See the full results here.
Part II: Philanthropy Breakdown by Area
My rough breakdown of biosecurity spending by area is as follows (EDIT: I note some errors in my calculations producing these results. Updated figures are in Updates & Corrections).
Fig. 2 - Biosecurity Philanthropy by Area
My actual estimates are as follows:
Fig. 3 - Biosecurity Philanthropy by Area Table
Area | Weighted $ |
Antimicrobial Resistance | $134,767,113 |
Rapid Vaccines | $261,169,371 |
Pathogenesis Research | $242,580,804 |
Disease Surveillance | $233,751,234 |
Lab Readiness | $7,900,141 |
Therapeutics | $105,954,834 |
PPE | $5,576,570 |
DURC | $1,858,857 |
GCBR Priority Areas | $42,288,991 |
See the full results here.
Part III: Biosecurity BOTECs
The most relevant statistics are the following:
I estimate that public health spending breaks down into:
$7.7tn of this is spent by governments (~79%).
$130bn of this is spent by foundations (~1.3%).
The remainder likely comes from private spending and public-private partnerships that aren’t independent foundations (e.g. universities).
I estimate that biosecurity spending breaks down into:
$1bn by foundations.
Assuming that the ratio of biosecurity to public health for governments is roughly 1%, ~$100bn is spent by governments on biosecurity.

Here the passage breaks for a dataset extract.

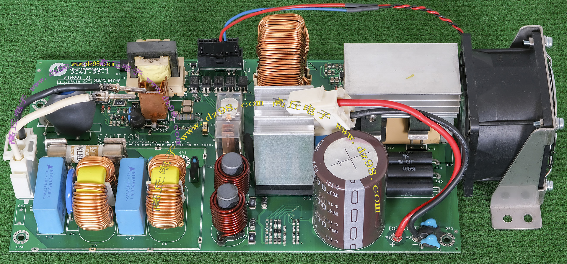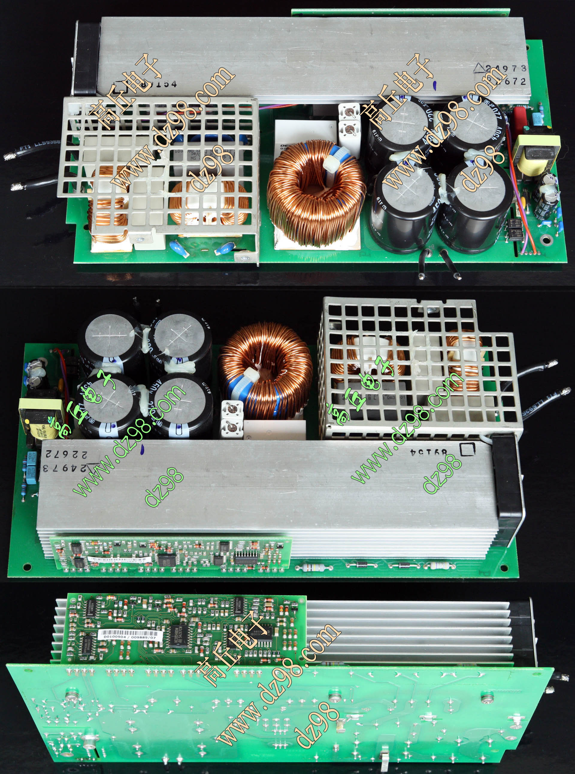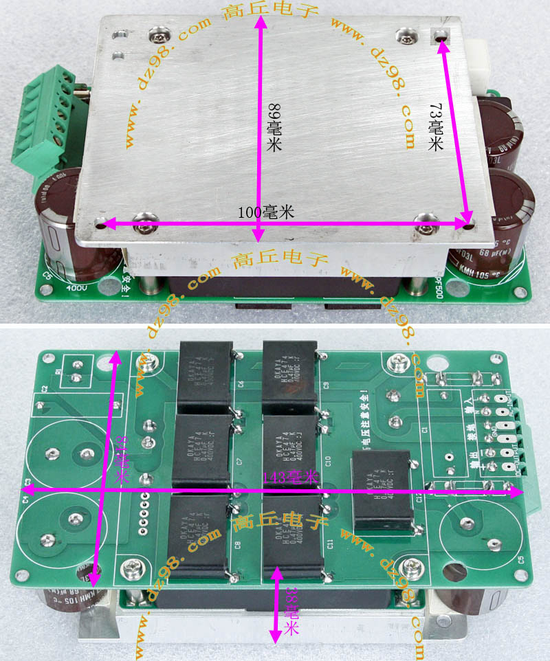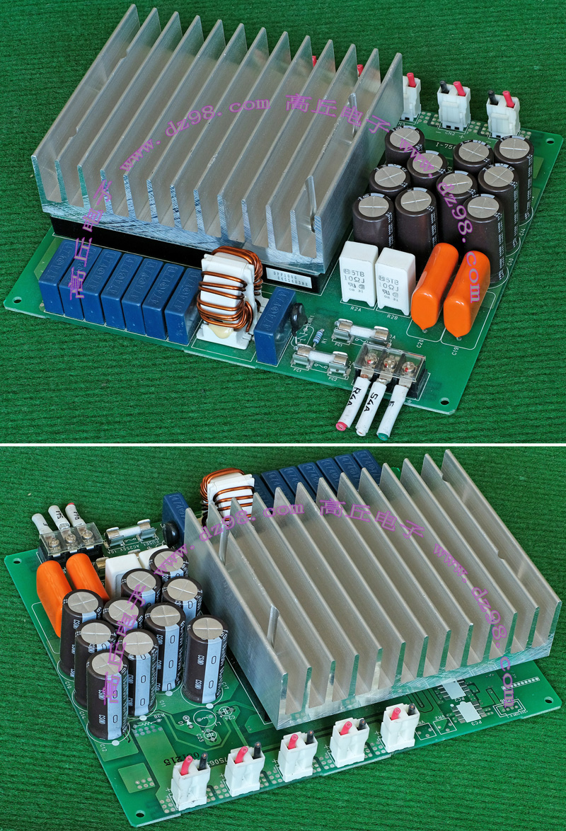145mm x 100mm,重量约3000克。 内部装配75A-800V单三相两用整流桥,8只400V-820UF电容,交流输入滤波电流,PFC大电感,开机缓冲击延迟电路。 |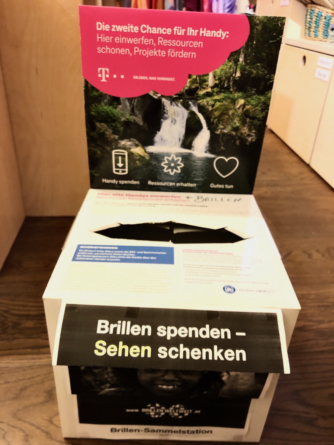 In unserem Weltladen steht wieder die „Mobile-Box“. Sie ist ein beim Umweltamt angezeigtes Rücknahmesystem für gebrauchte Mobiltelefone und wurde 2012 in Köln gegründet. Über 124 Mio. gebrauchte Mobiltelefone liegen ungenützt in Schubladen. Die Handys enthalten viele wertvolle Rohstoffe wie z. B. Silber, Kupfer, Gold. Wir sammeln diese alten gebrauchten Geräte, sie werden anschließend einer umweltgerechten Verwertung zugeführt. Die gesammelten Handys werden von der Deutschen Telekom zur Weiternutzung aufbereitet oder recycelt.

However, I think this is very plausibly a large overestimate (e.g. by a factor of ~2).
As a sanity check, the Biological Weapons Convention has a budget of around $1.8m a year and the much larger Global Partnership Against the Spread of Weapons and Materials of Mass Destruction spent roughly $2bn across 25 members in 2023.
Assuming the ratio of government spending to total spending is 1:1.27 (given public health spending), then ~$130bn is spent on biosecurity globally.
Some further implications:
Biosecurity philanthropy is ~0.8% of public health philanthropy and ~1% of what governments spend on philanthropy.
The US biodefense budget was approximately $24.3bn in 2023, making the US government a considerable funder of biosecurity globally.
Where EA fits in:
EA players represent ~4% of the total biosecurity spend.
EAs are also interested in infectious disease surveillance, vaccine development, antimicrobial resistance, and developing broad-spectrum antivirals. However, EAs are likely not the majority in these spaces.
My own impression (quite low-confidence!) is that spending on EA focus areas like technologies such as far-UVC, synthesis screening, and GCBR-specific concerns is likely dominated by EA. Spending on preventing bioterrorism, bioweapons, and policy advocacy with respect to biosecurity is also likely majority EA (but not necessarily exclusive).
See the full results here.
Takeaways
What can we conclude about biosecurity philanthropy and the biosecurity funding landscape from this? I would generally caution not too much. As stated in ’Why Does This Matter, I would caution against assuming that far-UVC interventions are substantially more neglected than early-detection interventions. I think such an assessment would require priors about the probability distribution of threat models, pathogen characteristics of concern, pandemic intensities, and all manner of practical considerations—but also far more detailed knowledge about how money is being spent in these areas than I have presented here.
I should also note that this is a loose, generally post-COVID, snapshot that poorly generalises to the past and likely does not predict the future. Many of these organisations expanded their biosecurity funding post-COVID and projects like CEPI were founded. However, we should not assume that this status quo is at all fixed.
However, I do think the rough and order-of-magnitude estimates at least provided me with a number of useful and potentially decision-relevant insights. These are some of my thoughts:
Biosecurity philanthropy is probably a relatively small part of total biosecurity efforts, with the US government probably being the largest player.
Biosecurity is a relatively small part of public health, both in philanthropy and government spending. While I have arbitrarily delineated between the two, however, I reiterate that many public health interventions are in practice targeting the same goals and may be relevant for mitigating GCBRs. I’m cautious that the assumption that global health is saturated risks neglecting opportunities to mitigate GCBRs through interventions that may be able to attract substantially more capital.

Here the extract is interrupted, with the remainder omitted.